WORK INSTRUCTIONS> In the records below, find the line with "Remembrance Ceremony Sept.", then retype it and every following line exactly, stopping after the line with "Throttle Body Spacer". Leave the pictures out.

___ WORKING DATA ___

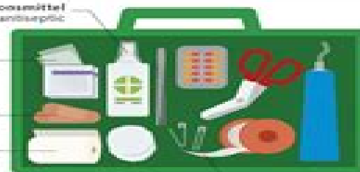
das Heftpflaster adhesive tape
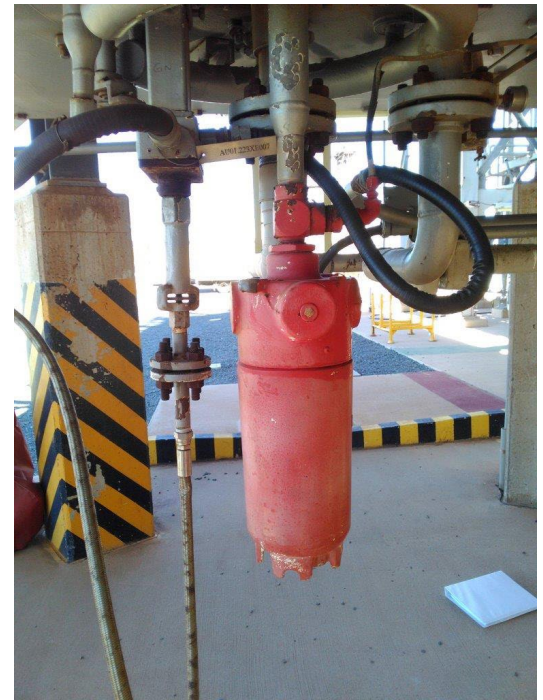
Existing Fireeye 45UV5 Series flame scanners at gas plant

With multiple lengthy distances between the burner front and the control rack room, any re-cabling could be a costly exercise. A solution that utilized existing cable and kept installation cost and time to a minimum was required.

___
___ WORKING DATA ___

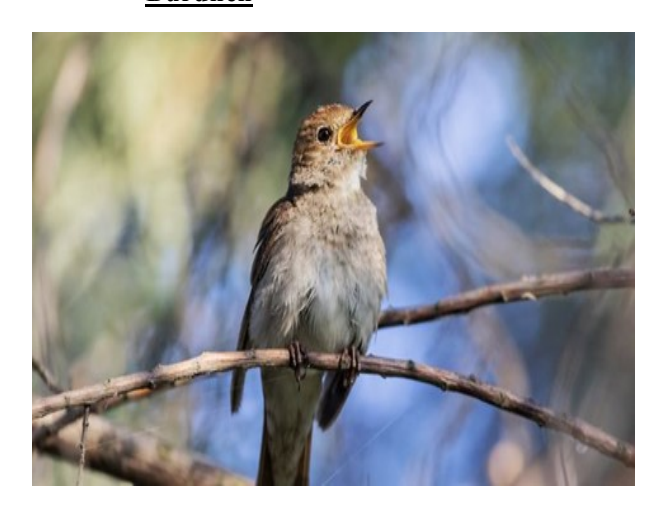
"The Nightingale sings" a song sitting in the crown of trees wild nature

___
___ WORKING DATA ___

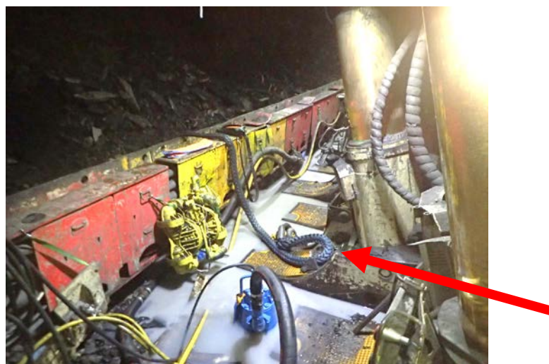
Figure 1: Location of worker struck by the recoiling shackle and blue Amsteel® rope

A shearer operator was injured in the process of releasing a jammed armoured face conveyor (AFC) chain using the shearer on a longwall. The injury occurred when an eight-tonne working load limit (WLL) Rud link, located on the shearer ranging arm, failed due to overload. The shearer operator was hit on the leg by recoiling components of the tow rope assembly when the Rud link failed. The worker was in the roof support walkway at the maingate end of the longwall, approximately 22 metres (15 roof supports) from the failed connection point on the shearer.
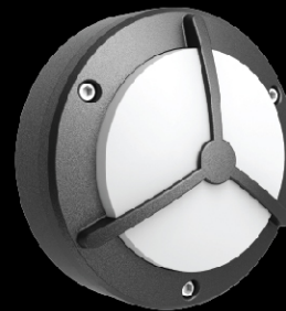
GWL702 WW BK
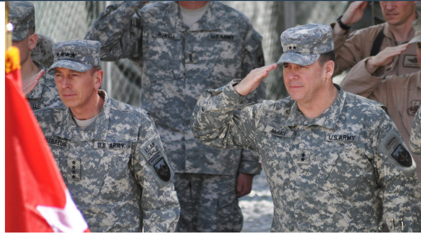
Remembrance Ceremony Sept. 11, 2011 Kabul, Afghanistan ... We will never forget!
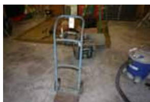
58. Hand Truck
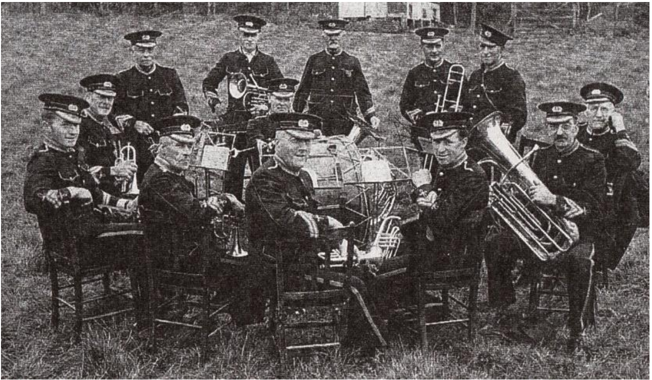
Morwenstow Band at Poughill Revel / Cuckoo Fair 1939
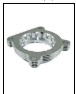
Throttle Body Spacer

___

OUTPUT BELOW>
Remembrance Ceremony Sept. 11, 2011 Kabul, Afghanistan ... We will never forget!
58. Hand Truck
Morwenstow Band at Poughill Revel / Cuckoo Fair 1939
Throttle Body Spacer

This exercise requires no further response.